Material provided:
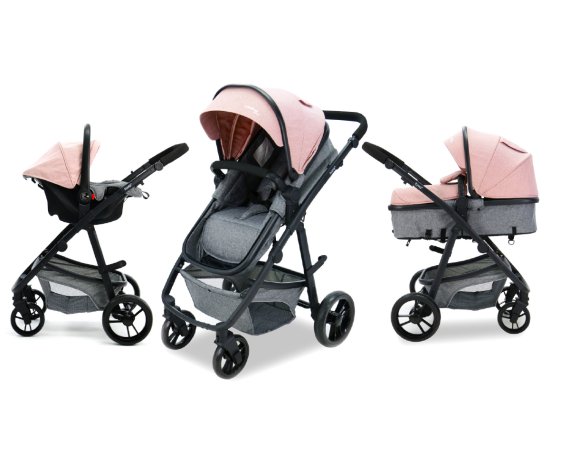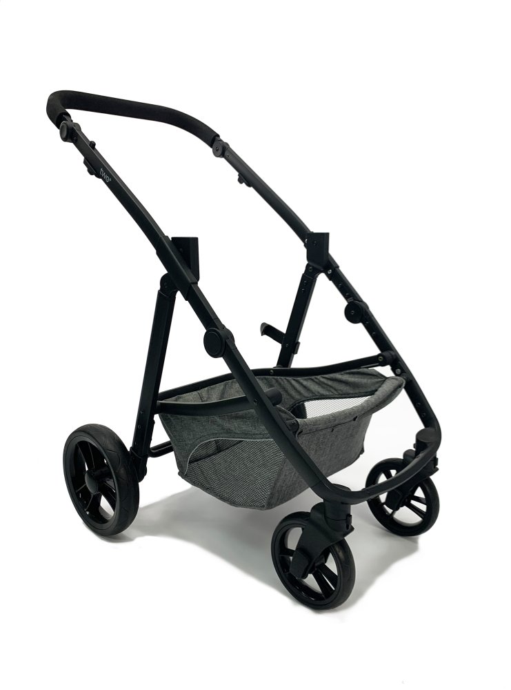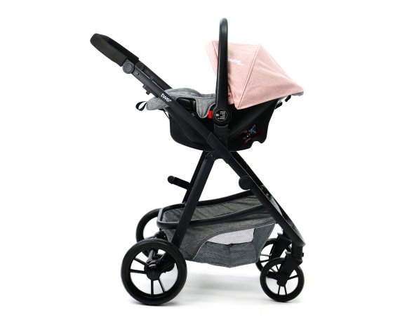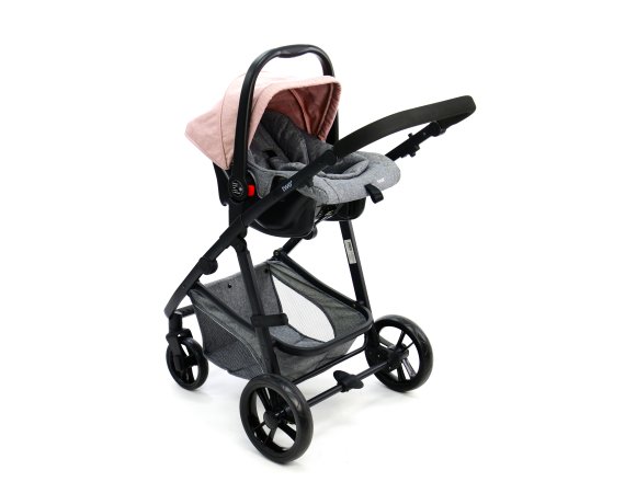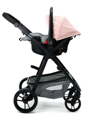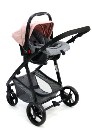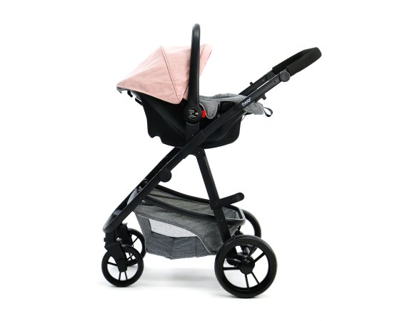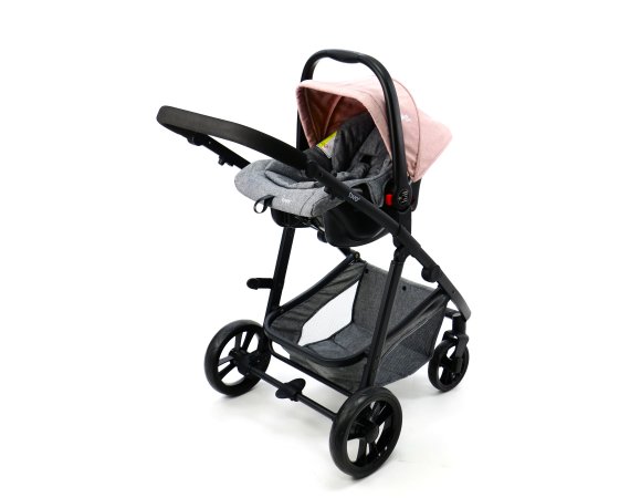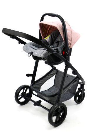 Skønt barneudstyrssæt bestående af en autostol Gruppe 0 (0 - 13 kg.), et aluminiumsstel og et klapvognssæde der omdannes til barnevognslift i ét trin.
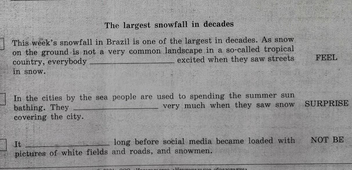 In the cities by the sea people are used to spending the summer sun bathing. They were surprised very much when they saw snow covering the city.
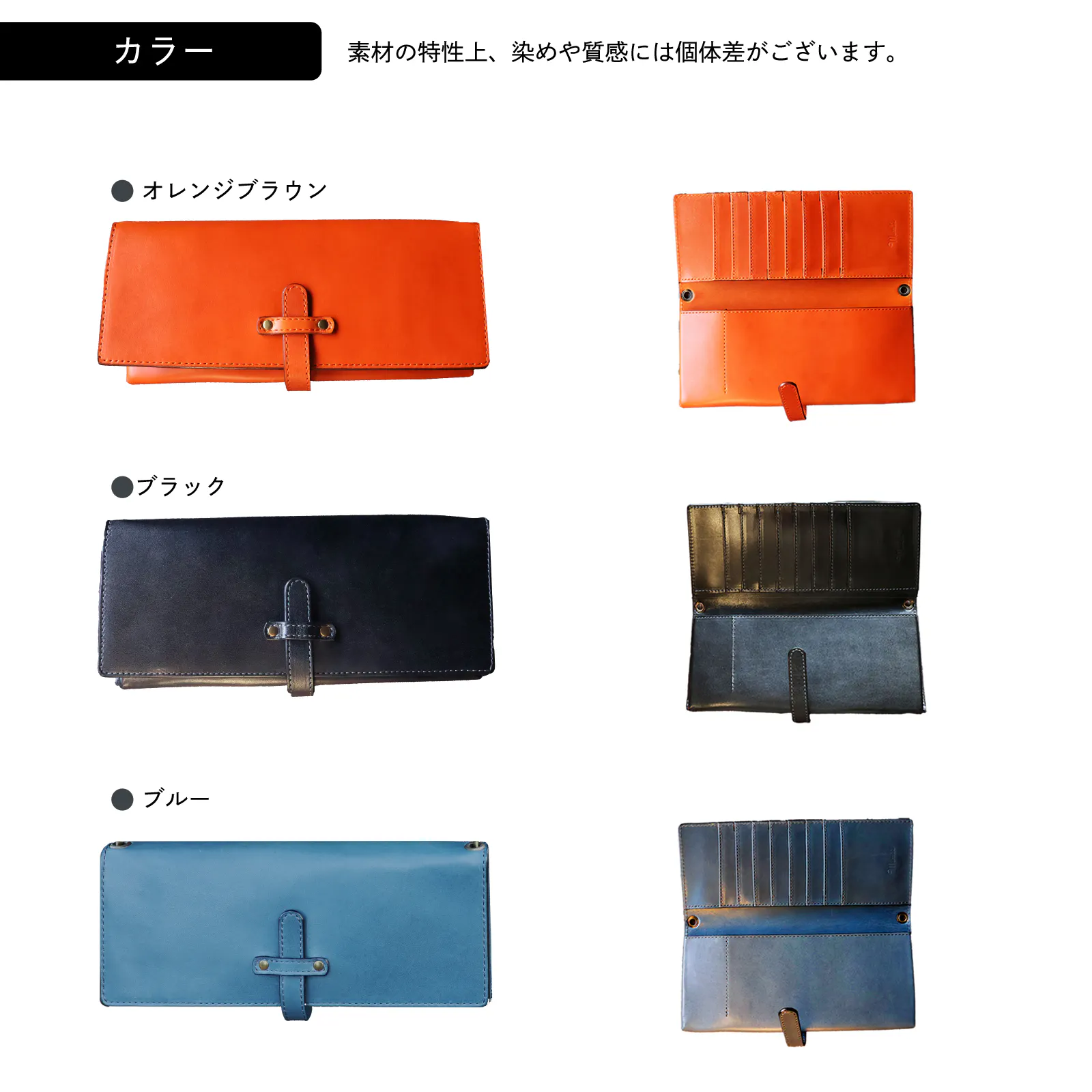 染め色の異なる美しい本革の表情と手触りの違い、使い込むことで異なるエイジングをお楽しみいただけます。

What the task requires: Only the pictures are to be left out; write out all the other data exactly.

Answer to this task:
 Skønt barneudstyrssæt bestående af en autostol Gruppe 0 (0 - 13 kg.), et aluminiumsstel og et klapvognssæde der omdannes til barnevognslift i ét trin.
 In the cities by the sea people are used to spending the summer sun bathing. They were surprised very much when they saw snow covering the city.
 染め色の異なる美しい本革の表情と手触りの違い、使い込むことで異なるエイジングをお楽しみいただけます。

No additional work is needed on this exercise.